===== Dataset extract =====

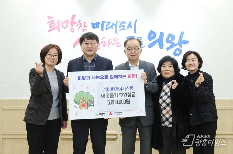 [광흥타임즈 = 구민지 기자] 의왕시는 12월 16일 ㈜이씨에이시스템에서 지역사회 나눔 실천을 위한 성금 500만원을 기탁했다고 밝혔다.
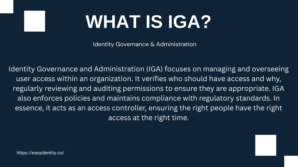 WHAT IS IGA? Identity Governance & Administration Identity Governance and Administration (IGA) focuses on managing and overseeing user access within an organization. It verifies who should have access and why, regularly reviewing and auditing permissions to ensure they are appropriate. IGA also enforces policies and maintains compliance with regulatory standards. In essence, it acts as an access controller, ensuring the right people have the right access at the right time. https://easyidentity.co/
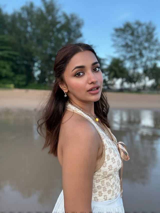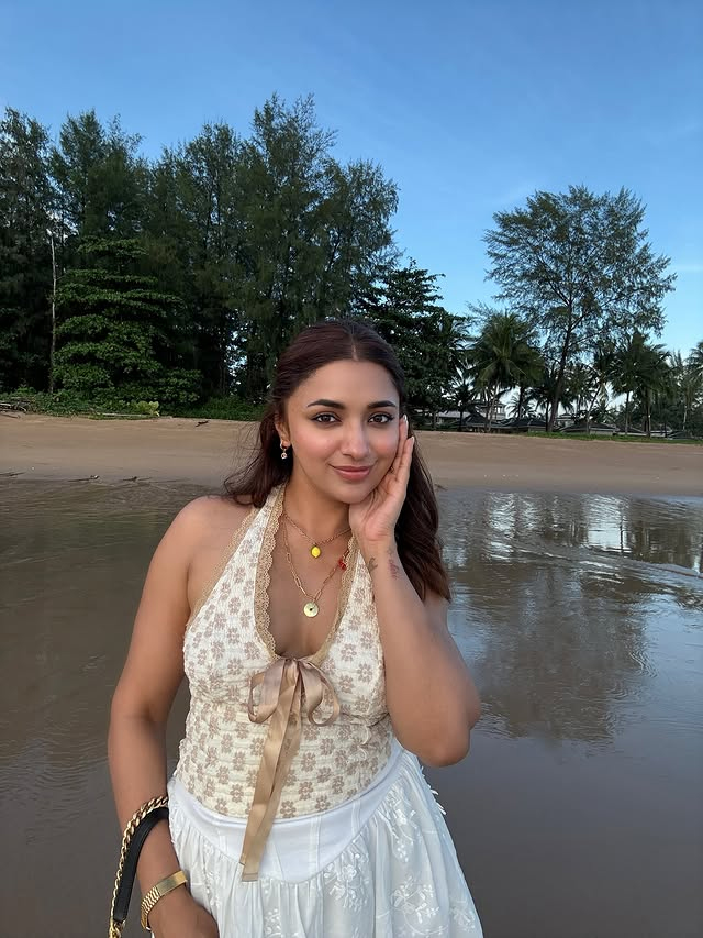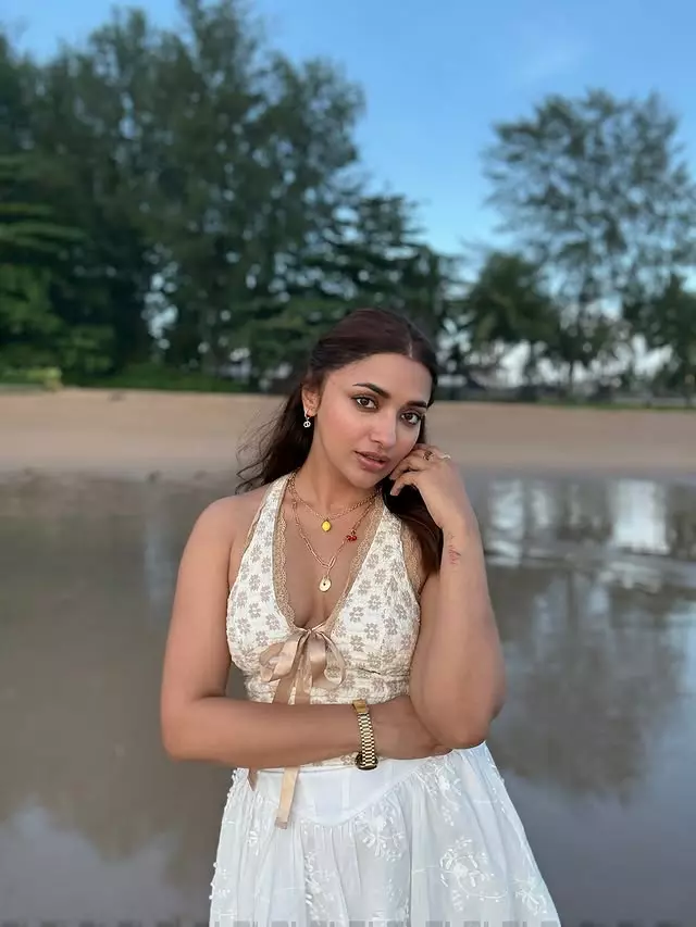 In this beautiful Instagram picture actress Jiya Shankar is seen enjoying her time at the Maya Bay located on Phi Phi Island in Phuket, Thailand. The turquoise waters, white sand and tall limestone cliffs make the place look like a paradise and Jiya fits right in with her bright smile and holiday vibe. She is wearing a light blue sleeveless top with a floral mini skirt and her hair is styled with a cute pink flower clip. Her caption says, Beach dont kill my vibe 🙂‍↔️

=====

§ **Exercise details**:
The response must repeat all the lines above exactly and include no pictures.

§ **Exercise answer**:
 [광흥타임즈 = 구민지 기자] 의왕시는 12월 16일 ㈜이씨에이시스템에서 지역사회 나눔 실천을 위한 성금 500만원을 기탁했다고 밝혔다.
 WHAT IS IGA? Identity Governance & Administration Identity Governance and Administration (IGA) focuses on managing and overseeing user access within an organization. It verifies who should have access and why, regularly reviewing and auditing permissions to ensure they are appropriate. IGA also enforces policies and maintains compliance with regulatory standards. In essence, it acts as an access controller, ensuring the right people have the right access at the right time. https://easyidentity.co/
 In this beautiful Instagram picture actress Jiya Shankar is seen enjoying her time at the Maya Bay located on Phi Phi Island in Phuket, Thailand. The turquoise waters, white sand and tall limestone cliffs make the place look like a paradise and Jiya fits right in with her bright smile and holiday vibe. She is wearing a light blue sleeveless top with a floral mini skirt and her hair is styled with a cute pink flower clip. Her caption says, Beach dont kill my vibe 🙂‍↔️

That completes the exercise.